心理医生起身相送,安慰她这是正常的,要是需要,自己可以开些安神的药。
游载酒婉拒了,而后急匆匆地回去,准备去骂那个开枪吓到自己宝贝女儿的顾遂。
回去的时候正好看到了玄关那放着的果篮,顾长谷带着顾遂两个人站在客厅里也没坐下。
游载酒进门的时候,刚好听到那一句,“实不相瞒,上级交代了,任务只能用榴霰弹。”
“怎么可能呢?榴霰弹里面全是钢珠,二次爆破,对围观群众也是无差别杀伤。上级怎么可能会交代这种命令?”
“我的枪法很准,死伤会压到最小。”顾遂站在客厅中央,剑眉星目,一身淡淡的傲气,“换作其他人,您不一定还能见到您女儿了。”
“你在威胁我?”金长醉皱眉。
“不,陈述事实而已。”顾遂眼神坦荡。
顾长谷,也就是顾遂他爹,拍了拍金长醉的肩膀,“老金啊,这次实在是对不住。实在是形势所迫,逼不得已。”
“正好那个……不知怎么就奔你女儿去了。”
“好在她没受伤,现场还有一个人,直接被那疯婆子捅瞎了一只眼睛,两条腿粉碎性骨折,这辈子都站不起来了。”
白幼千和周茗站在一旁听着,知道他说的是万老二。
一时间不知道说些什么。
虽然万老二有些可恨,可毕竟一天前还生龙活虎的,是高考省前三的有力竞争选手,转眼间,甚至只在短短三分钟内,人生就发生了翻天覆地的变化。
他们也意识到了金渡可能真的知道些什么。
毕竟,在三分钟前,金渡确实劝他今天不要出门。
“老金啊,我俩认识也这么多年了。当年战场上,要不是你拉我一把,我就直接被子弹爆头了。我也不当你是外人。”顾长谷环视一周。
金长醉皱眉,“场上没有外人,有话直说。”
游载酒也换上拖鞋进来了。
“那个女人……不是人。是怪物!”
“不用榴霰弹,不把她的脑组织在第一时间搅得稀巴烂的话……她会再生。”
“什么意思?”金长醉皱眉。
“你我都是聪明人,今天说这么多已经坏了规矩了。要变天了,去囤点物资准备点武器吧。”
“未来……谁也不知道会变成什么样子。”
顾长谷带着顾遂走了,但留下的重磅消息却让金家人呆滞在原地。
金长醉把众人拉到沙发上,一句句分析,“他说,那个女人是怪物。不当场杀死脑组织,就会再生。”

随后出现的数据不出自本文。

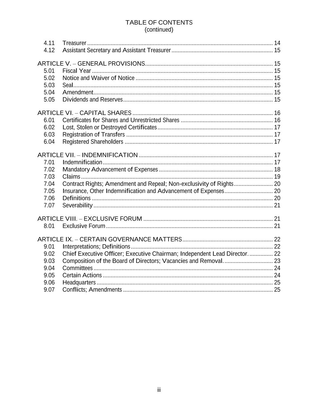TABLE OF CONTENTS (continued) ii 4.11 Treasurer ....................................................................................................................... 14 4.12 Assistant Secretary and Assistant Treasurer ................................................................. 15 ARTICLE V. – GENERAL PROVISIONS.................................................................................. 15 5.01 Fiscal Year .................................................................................................................... 15 5.02 Notice and Waiver of Notice ........................................................................................ 15 5.03 Seal ................................................................................................................................ 15 5.04 Amendment ................................................................................................................... 15 5.05 Dividends and Reserves ................................................................................................ 15 ARTICLE VI. – CAPITAL SHARES .......................................................................................... 16 6.01 Certificates for Shares and Unrestricted Shares ........................................................... 16 6.02 Lost, Stolen or Destroyed Certificates .......................................................................... 17 6.03 Registration of Transfers .............................................................................................. 17 6.04 Registered Shareholders ............................................................................................... 17 ARTICLE VII. – INDEMNIFICATION ...................................................................................... 17 7.01 Indemnification ............................................................................................................. 17 7.02 Mandatory Advancement of Expenses ......................................................................... 18 7.03 Claims ........................................................................................................................... 19 7.04 Contract Rights; Amendment and Repeal; Non-exclusivity of Rights ......................... 20 7.05 Insurance, Other Indemnification and Advancement of Expenses ............................... 20 7.06 Definitions .................................................................................................................... 20 7.07 Severability ................................................................................................................... 21 ARTICLE VIII. – EXCLUSIVE FORUM ................................................................................... 21 8.01 Exclusive Forum ........................................................................................................... 21 ARTICLE IX. – CERTAIN GOVERNANCE MATTERS .......................................................... 22 9.01 Interpretations; Definitions ........................................................................................... 22 9.02 Chief Executive Officer; Executive Chairman; Independent Lead Director. ............... 22 9.03 Composition of the Board of Directors; Vacancies and Removal. ............................... 23 9.04 Committees ................................................................................................................... 24 9.05 Certain Actions ............................................................................................................. 24 9.06 Headquarters ................................................................................................................. 25 9.07 Conflicts; Amendments ................................................................................................ 25

“政府应该有人知道相关信息,在布置人手处理这部分事件,但为了防止引起恐慌,将消息封锁。”
“那个疯女人手上捏着金渡,警方还用榴霰弹的原因,是防止女人在大庭广众之下再生。”
“可这种怪物,源自于哪?”
“从什么地方来?”
“这个女人,到底她本身就是怪物,还是被怪物寄生。”
“现在有没有分辨怪物和人类的手段。”
“我们怎么判断,身边的到底是朝夕相处的朋友,还是已经被替换的敌人?”
“现在的怪物在人类群体中分布的密度是多少?”
“他们的活动区域是否只局限在崇阳?如果是?那为什么?”
由金长醉开口,在场所有人汇总了这一重磅消息所引发的一系列问题。
集思广益之下,列出了满满一张A4纸。
“要变天了。”金长醉一锤定音,“我去囤物资,周茗白同学,你俩跟我一起。”
“我有点别的事,就拜托你们了。”游载酒突然想到昨晚那个梦来,脸色很难看。
她突然意识到,那可能不仅仅是个梦。
而那个高高在上的神明让她带走的,也可能不仅仅是垃圾,而更有可能是末世里,保证一家生存下去的通天坦途。
我昨天是怎么进那座塔的?
游载酒的思绪不断回溯,昨天一天的行踪,像是连环片一样从头开始放映。
她急匆匆地拿着钱包,要去买昨天买过的所有东西,重复昨天做过的所有事情。
她一定要,再进一次那座塔,再见一次那个白昼之神!
整个家里所有人都在一分钟内动了起来,唯有坐在沙发上的金渡一脸茫然。
“你们都出去了?那我呢?”金渡点了点自己,觉得这好像不太对劲。
你们把全世界最强的人放在家里,自己出去获取物资,是否有些鲁莽?
周茗在她面前蹲下身子,抬眼,神情认真,“你昨天受了惊吓,最近这段时间也没休息好,就别忙活了,交给我们吧。相信大家。”